## WHAT THE TASK REQUIRES
Line by line, repeat the material below exactly and skip the images.

## SUPPLIED DATA
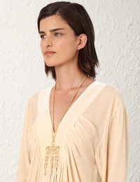 ITEM DETAILS The Zimmermann Midnight Pendant in Gold from our Spring 2024 Collection, Natura. A chain necklace featuring a gold pendant with cubic zirconia stones. - 12KT gold plated brass - White cubic zirconia - T-bar clasp Style Code: 5546S24 SIZE DETAILS One size. CARE INSTRUCTIONS Jewellery care Zimmermann jewellery is produced in 12kt gold-plated brass. Please remove when exercising, showering or swimming. Avoid contact with perfumes, acetones, hand and body creams and water as they may cause damage or discolouring. Clean your jewellery carefully with a soft, non-abrasive, lint-free cloth to remove dirt and dust. Do not use cleaning products. Store in a cool, dry place to prevent damage. Keep away from direct sunlight and heat. Always check the care card for specific care instructions.
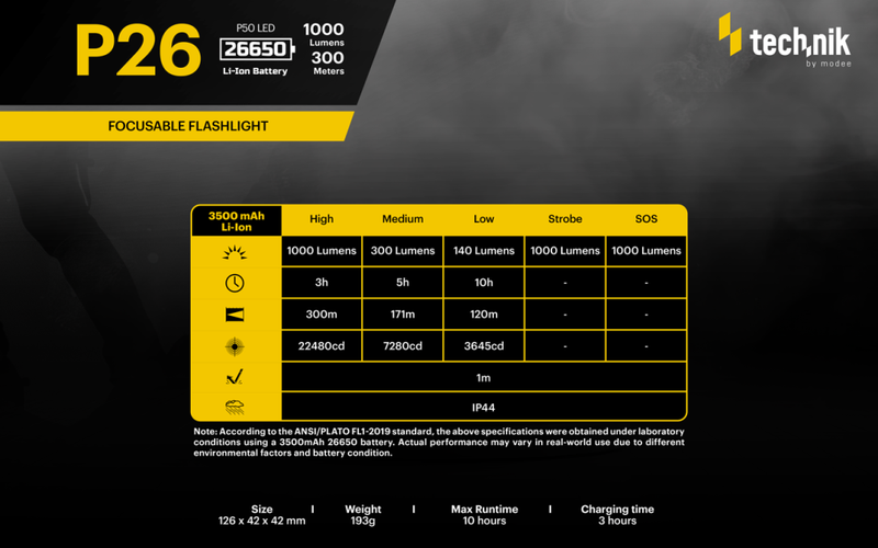 Flashlight P26 (+1x26650 3500mAh) P50 LED + USB-C rechargeable battery
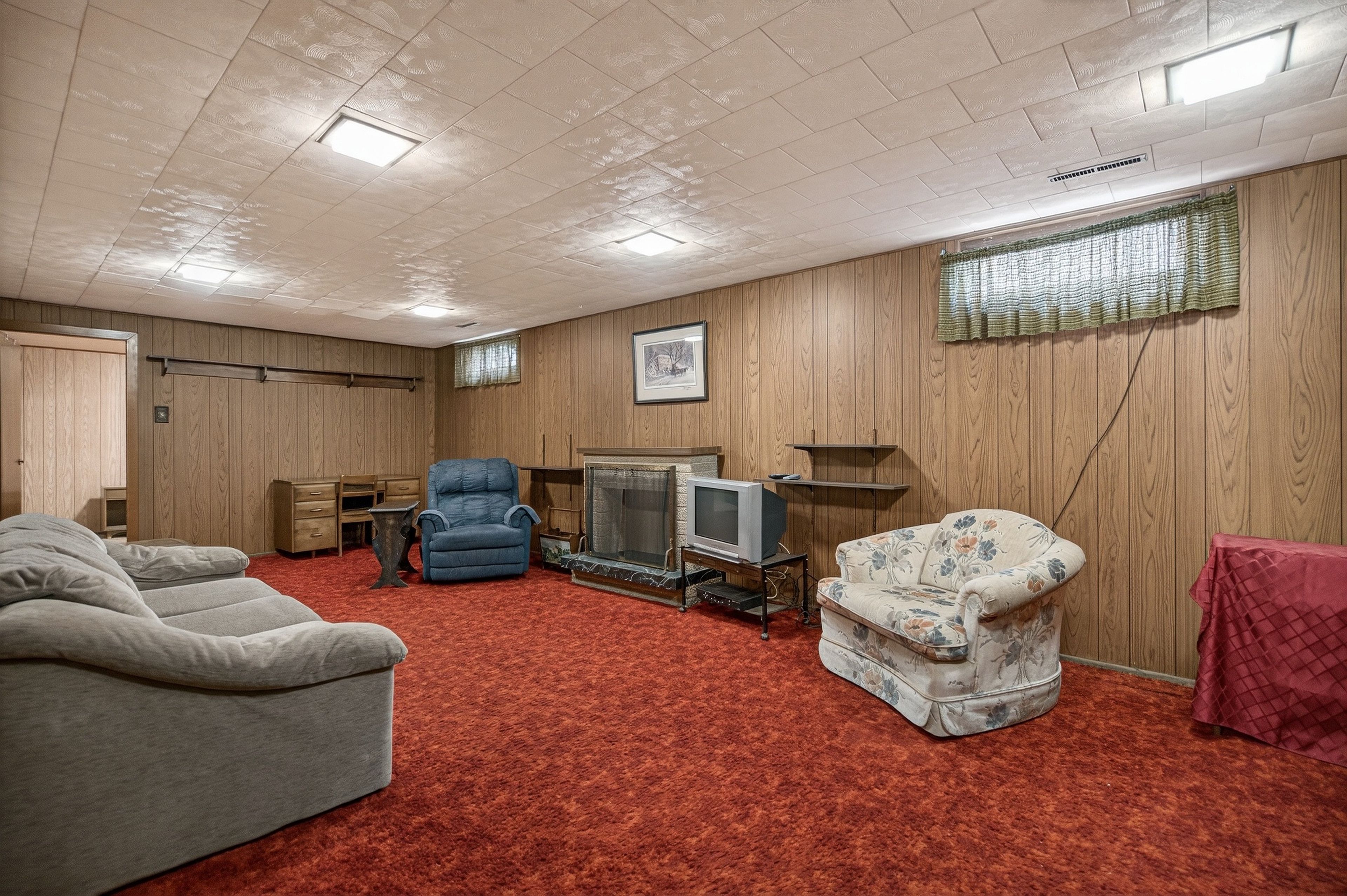 • Finished lower level with rec room, den, and additional storage.
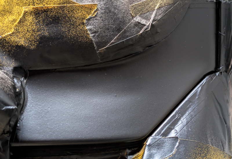 運転席側はパテを#400で空研ぎして、ゴム系スプレーで塗装・・・綺麗に成った。

## WRITTEN SOLUTION
 ITEM DETAILS The Zimmermann Midnight Pendant in Gold from our Spring 2024 Collection, Natura. A chain necklace featuring a gold pendant with cubic zirconia stones. - 12KT gold plated brass - White cubic zirconia - T-bar clasp Style Code: 5546S24 SIZE DETAILS One size. CARE INSTRUCTIONS Jewellery care Zimmermann jewellery is produced in 12kt gold-plated brass. Please remove when exercising, showering or swimming. Avoid contact with perfumes, acetones, hand and body creams and water as they may cause damage or discolouring. Clean your jewellery carefully with a soft, non-abrasive, lint-free cloth to remove dirt and dust. Do not use cleaning products. Store in a cool, dry place to prevent damage. Keep away from direct sunlight and heat. Always check the care card for specific care instructions.
 Flashlight P26 (+1x26650 3500mAh) P50 LED + USB-C rechargeable battery
 • Finished lower level with rec room, den, and additional storage.
 運転席側はパテを#400で空研ぎして、ゴム系スプレーで塗装・・・綺麗に成った。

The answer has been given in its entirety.